With the images removed, write out every line below exactly.

■ DATASET CONTENT
-------

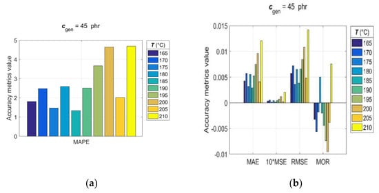 Since, for rubber practice, it is essential to know the prediction accuracy for each single predicted RDV–time curve, the statistical accuracy metrics (14)–(20) were computed with generalisation data simulated individually for each pair of Tgen/cgen and cgen/Tgen. The values of the observed accuracy metrics, divided into two groups based on their corresponding magnitudes, are presented in the bar charts shown in Figure 9 and Figure 10.
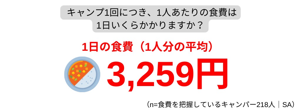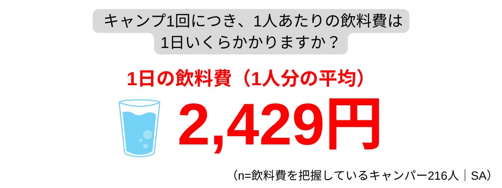 キャンプにかかる食費については、1人平均3,259円/日で、そのうち飲料費が1人平均2,429円/日という結果に。食費の大部分を飲料費が占めていることがわかりました。
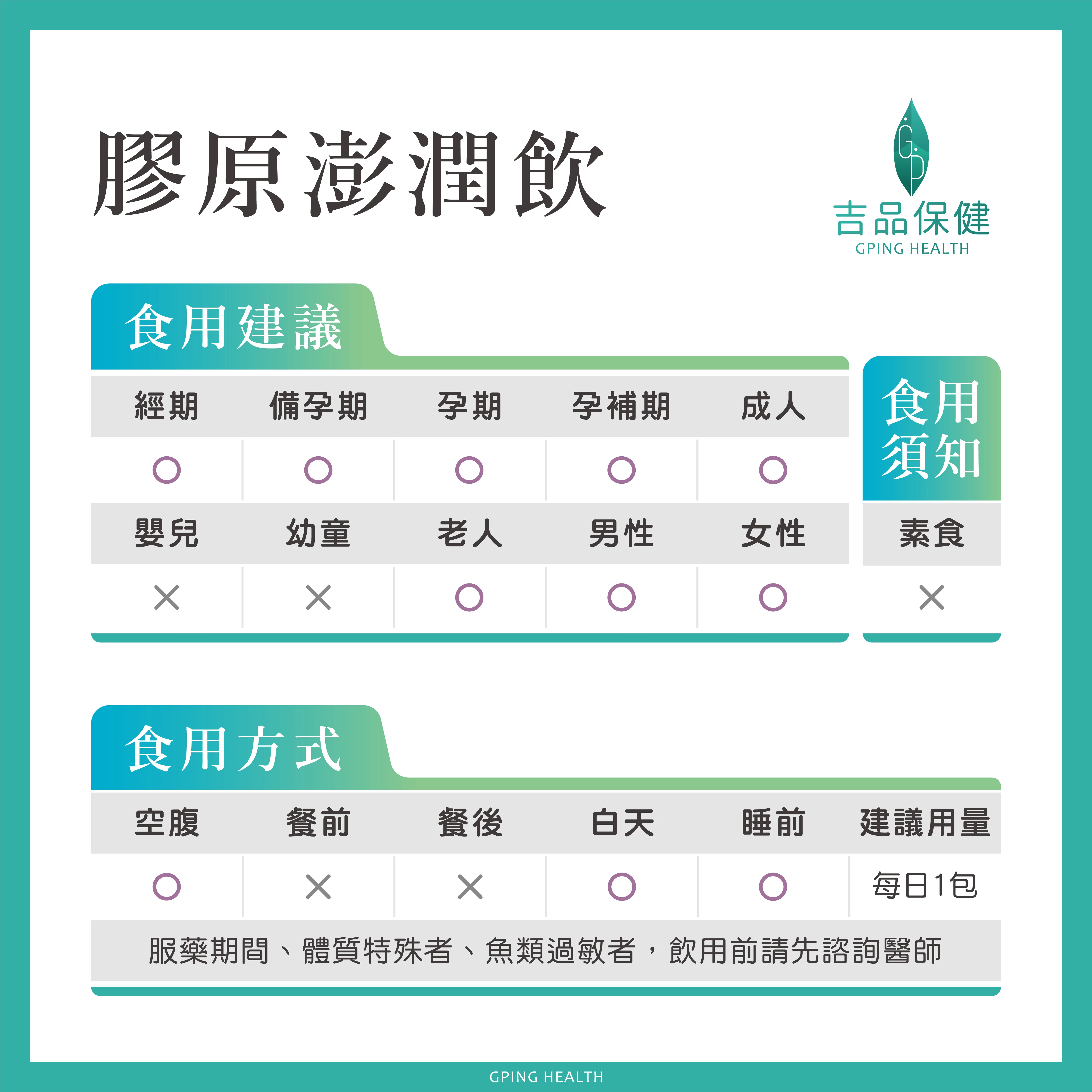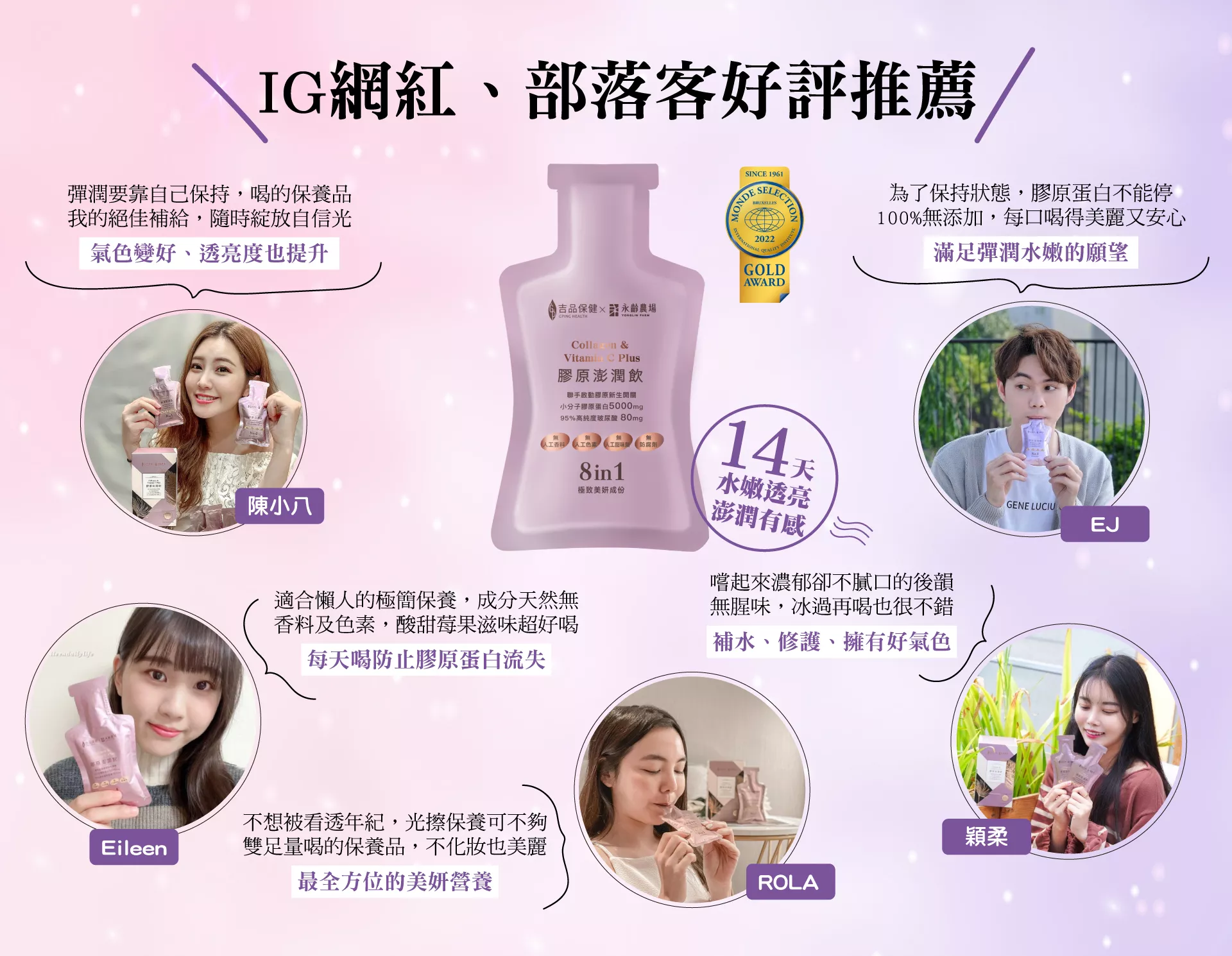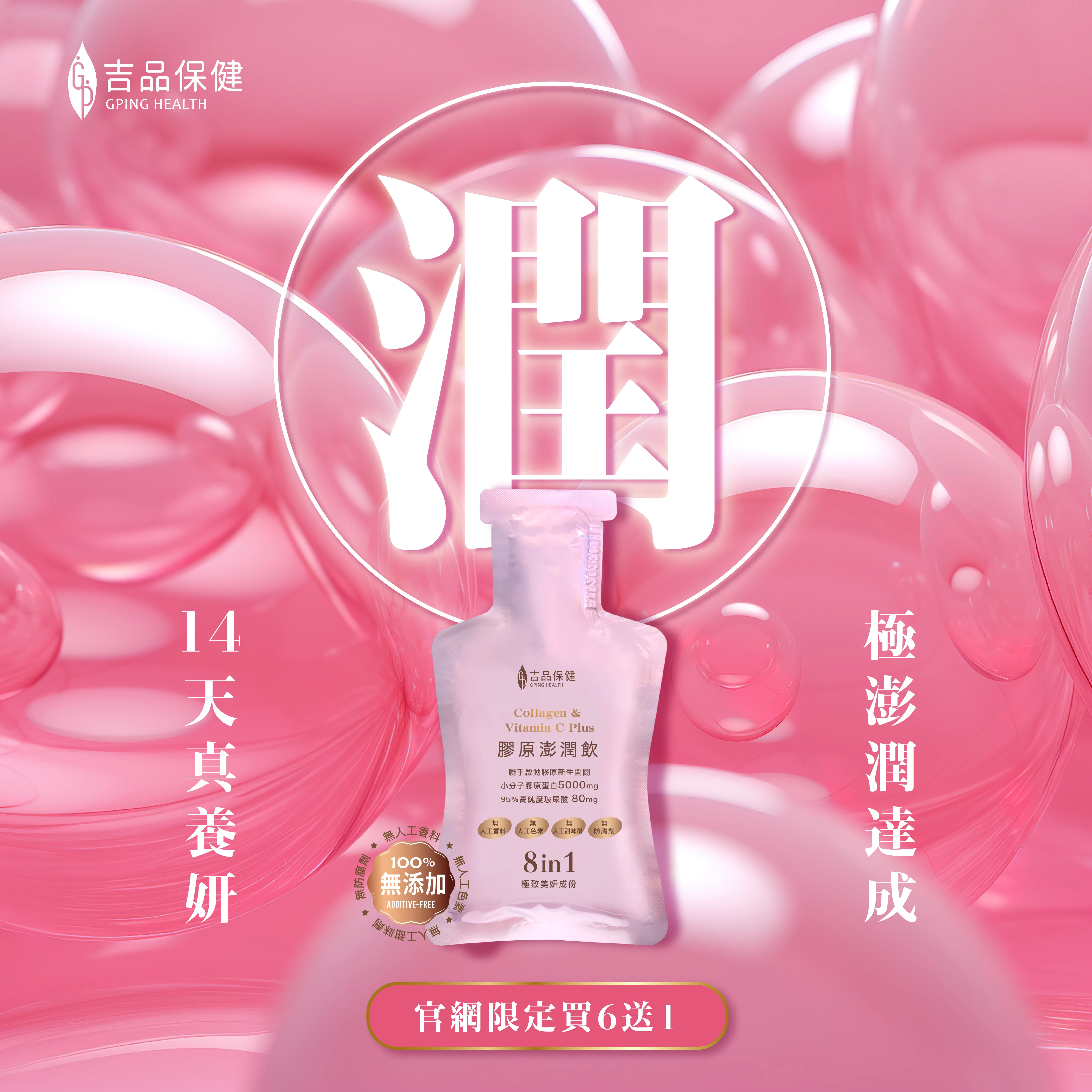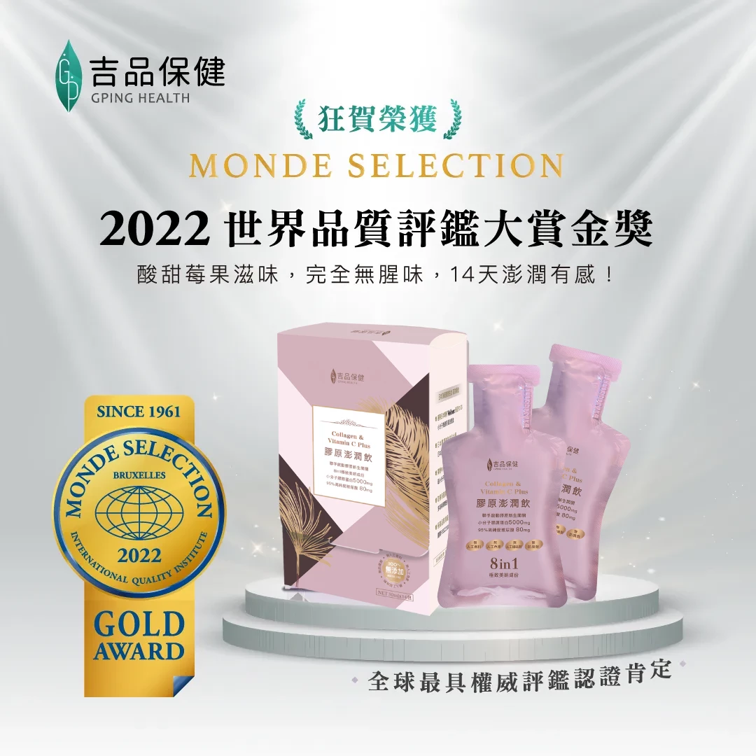 吉品保健膠原澎潤飲,榮獲2022年Monde Selection®世界品質評鑑大賞金獎,市售唯一雙足量添加,每包含5000mg日本新田膠原蛋白與98%高純度玻尿酸80mg,搭配卡姆果萃取維生素C 300mg,幫助維持澎潤水嫩的肌膚感受,讓您輕鬆喝出青春活力。適合日常保養或特別場合前的快速調整。

-------

■ EXERCISE OUTPUT
 Since, for rubber practice, it is essential to know the prediction accuracy for each single predicted RDV–time curve, the statistical accuracy metrics (14)–(20) were computed with generalisation data simulated individually for each pair of Tgen/cgen and cgen/Tgen. The values of the observed accuracy metrics, divided into two groups based on their corresponding magnitudes, are presented in the bar charts shown in Figure 9 and Figure 10.
 キャンプにかかる食費については、1人平均3,259円/日で、そのうち飲料費が1人平均2,429円/日という結果に。食費の大部分を飲料費が占めていることがわかりました。
 吉品保健膠原澎潤飲,榮獲2022年Monde Selection®世界品質評鑑大賞金獎,市售唯一雙足量添加,每包含5000mg日本新田膠原蛋白與98%高純度玻尿酸80mg,搭配卡姆果萃取維生素C 300mg,幫助維持澎潤水嫩的肌膚感受,讓您輕鬆喝出青春活力。適合日常保養或特別場合前的快速調整。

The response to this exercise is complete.